TL;DR

We developed an autonomous AI agent for the AndroidWorld benchmark, achieving a 94.8% success rate and ranking 2nd globally. Our secret sauce? A Hierarchical Planner-Executor architecture that separates high-level strategy (Claude Sonnet/Gemini) from low-level interaction (Claude Haiku). By implementing a Narrative Feedback Loop and a Scratchpad Memory system, our agent moves beyond simple automation to true adaptive problem-solving across 20+ real-world applications.

Introduction

We are thrilled to share that our autonomous AI agent recently achieved a 94.8% success rate on Google Research’s AndroidWorld benchmark, securing the 2nd place spot on the global leaderboard.

Navigating 20+ real-world apps—from complex calendar syncing to multi-app file management—required more than just a large language model; it required a sophisticated, multi-layered architecture. Here is the breakdown of how we built it.

1. The Hierarchical “Planner-Executor” Architecture

The core of our success lies in the separation of concerns. Instead of asking one model to do everything, we split the brain:

The Planner (The Strategist): Powered by Claude Sonnet or Gemini 3 Pro, the Planner analyzes the high-level goal, manages the "To-Do" list, and issues semantic instructions (e.g., "Find the save button").
The Executor (The Specialist): Powered by Claude Haiku, the Executor takes those semantic goals and translates them into precise pixel coordinates.

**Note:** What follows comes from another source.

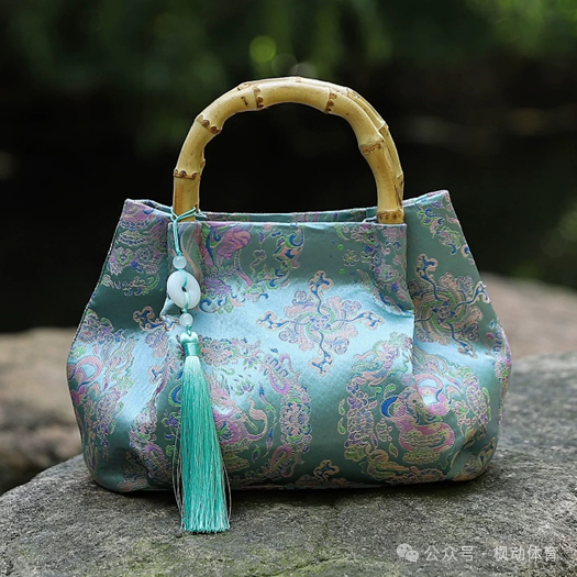 國風宋錦手拎包是將傳統宋錦面料與現代設計結合的時尚單品,既保留了絲綢的華貴質感,又融入了實用功能。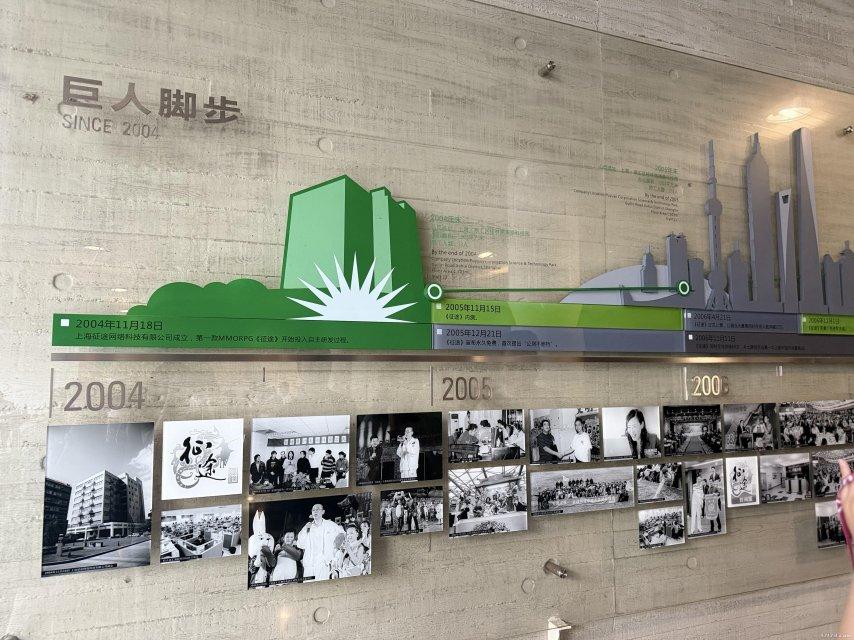 一樓大廳的 “巨人腳步” 文化走廊,記錄着征途系列產品的發展歷程,滿滿都是老玩家的回憶。

Why this works: It optimizes costs (using cheaper models for repetitive tasks) and prevents "hallucinated" clicks by forcing the Executor to justify its actions based on real-time visual feedback.

2. Learning from Failure: The Narrative Feedback Loop

Most agents fail because they get stuck in infinite loops. We solved this by implementing a Narrative Summary system. When an Executor fails a step:

It doesn't just return an error code.
It writes a "story" of what it saw and why the click failed.
The Planner reads this story, realizes the current strategy is a dead end, and pivots to a completely different approach (e.g., "If scrolling didn't find the contact, try the search bar instead").

3. The “Scratchpad” Memory System

To handle tasks that span multiple apps (like taking a recipe from a browser and adding it to a grocery list), we built an External Memory System.

Persistent Storage: Agents can createItem or fetchItem from a persistent key-value store.
Context Preservation: This allows the agent to "remember" data even if the app process restarts or the conversation context gets crowded.

4. Technical Innovations in Tooling

VLM Transcription: We integrated a dedicated Screen Transcription agent that performs OCR-like extraction, allowing the agent to "read" the screen content with 93%+ accuracy before making a move.
Adaptive Model Selection: We implemented a router that sends "Easy/Medium" tasks to Claude Sonnet and escalates "Hard" tasks to Gemini 3 Pro, balancing speed and reasoning depth.

Key Takeaways for the Community

Verification is Vital: Always verify text input after typing. Android UI can be finicky; a quick transcription check saves the task.
Filter-First Strategy: We learned that agents perform 30% faster when they look for a "Filter" or "Search" icon rather than scrolling through long lists.
Prompt Caching is a Game Changer: Using Anthropic’s 5-minute TTL caching reduced our API costs and latency significantly during long, multi-step tasks.

What’s Next?

We are open-sourcing our findings and continuing to refine our feedback loops to close the gap to #1.